Applicando i predetti principi al caso dei sette ricorrenti, il ragionamento della Corte si estrinseca nei seguenti termini.

Quanto alla condanna intervenuta anche per l’associazione a delinquere, la Corte europea per sei dei sette ricorrenti ritiene che la giurisdizione di secondo grado si sia basata su fatti incontestati dalle parti e che sia pervenuta a una diversa conclusione giuridica rispetto agli elementi costitutivi del delitto di associazione a delinquere, escludendo quindi la sussistenza della violazione per la mancata rinnovazione del dibattimento finalizzato alla nuova audizione dei testimoni (fa eccezione il ricorso Maestri).

Diversa la conclusione in relazione all’audizione dei ricorrenti.

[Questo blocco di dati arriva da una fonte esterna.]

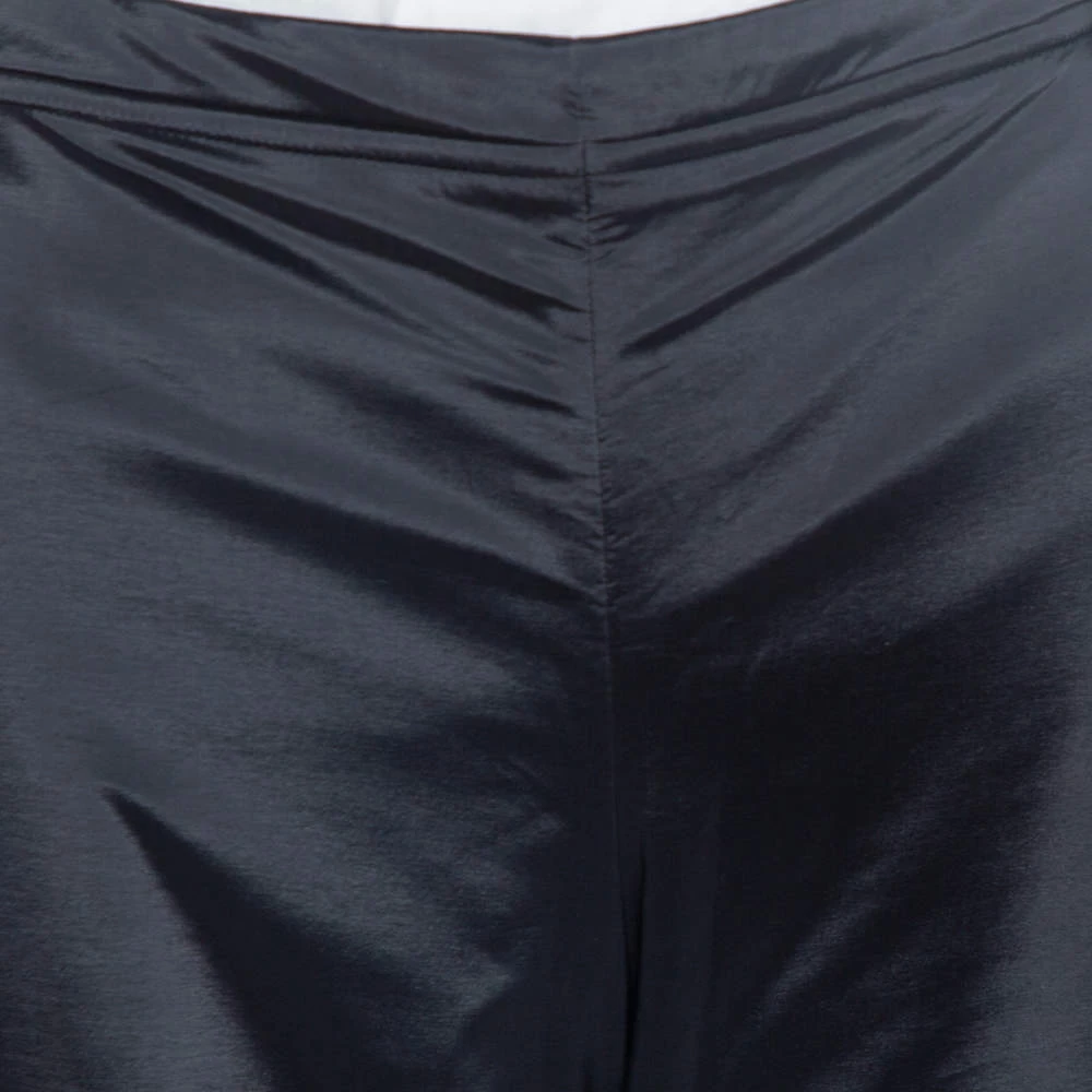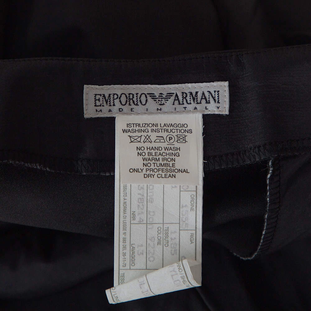 These stylish wide-legged pants hail from the house of Emporio Armani. Crafted from quality material, they come in a classic shade of black. Theya re perfect for casual days and have a padded style. They are secured with a zip closure and have two pockets for convenience.

La Corte europea rileva che la Corte di appello ha valutato le “intenzioni” dei ricorrenti e si è pronunciata per la prima volta su circostanze soggettive riferite ai medesimi, affermando che “non potessero non ignorare” che l’attività delle società fosse illegale. Questo, però, essendo un elemento chiave per stabilire la colpevolezza degli imputati, secondo la giurisprudenza della Corte impone la verifica delle intenzioni dell’imputato rispetto ai fatti che gli sono contestati, con la conseguente necessità, nel caso concreto, di ascoltare direttamente i ricorrenti.

È pacifico che i ricorrenti, che avevano nominato propri difensori di fiducia, non avessero preso parte al giudizio di appello (ad eccezione della Maestri) sebbene regolarmente citati, per cui era desumibile la loro rinuncia inequivoca a partecipare al giudizio. Tuttavia, la rinuncia a comparire, secondo la Corte, non è sovrapponibile alla rinuncia ad essere sentiti dalla giurisdizione di appello, che deve essere, parimenti, esplicita. Anche secondo il diritto interno, detta rinuncia sarebbe stata esplicita solo se ci fosse stata una specifica citazione finalizzata all’audizione dei ricorrenti, alla quale i medesimi non avessero dato seguito. Si tratta della prima applicazione nei confronti dell’Italia della giurisprudenza Júlíus Þór Sigurþórsson c. Islanda (n. 38797/17, 16 luglio 2019), nella quale la Corte aveva così statuito: il fatto che un imputato abbia rinunciato al proprio diritto di partecipare all'udienza non solleva di per sé il giudice d'appello, nel fare una valutazione globale di colpevolezza o innocenza, dall’obbligo di valutare direttamente le prove presentate personalmente dall'imputato che proclama la sua innocenza e che non ha esplicitamente rinunciato al diritto di parola.

Spetta alle Corti interne adottare tutte le misure positive volte a garantire l’audizione dell’interessato e, secondo la Corte, la possibilità di rendere dichiarazioni spontanee o di prendere la parola al termine della discussione non soddisfa i requisiti convenzionali per evitare la violazione dell’art. 6 par. 1, non essendo uno strumento paragonabile all’esame da parte del tribunale.

La Corte europea concludeva quindi per tutti i ricorrenti per la violazione dell’art. 6 par. 1 in relazione alla condanna per associazione a delinquere intervenuta senza disporre l’esame degli imputati e, nel caso della Maestri, anche per la mancata audizione dei testimoni nel giudizio di appello, indicando la celebrazione di un nuovo giudizio come il rimedio più appropriato per sanare la violazione, pur nel margine di apprezzamento lasciato allo Stato.

La sentenza Maestri si pone nel solco della giurisprudenza Dan c. Moldavia e successive, e amplia ulteriormente gli oneri della giurisdizione di secondo grado chiamata a pronunciarsi su sollecitazione della Procura. Oltre ad evidenziare una problematica generale (la citazione per il grado di appello, a questo punto, non può fare le veci di una citazione per rendere l’esame) e l’inadeguatezza degli strumenti codicistici previsti (dichiarazioni spontanee), solleciterà nuovamente un ulteriore intervento correttivo e chiarificatore per rendere il giudizio di secondo grado conforme ai parametri convenzionali. Questo è tanto più inevitabile quando il giudice di appello motivi il proprio convincimento sulla base di considerazioni soggettive su un imputato che non ha direttamente esaminato.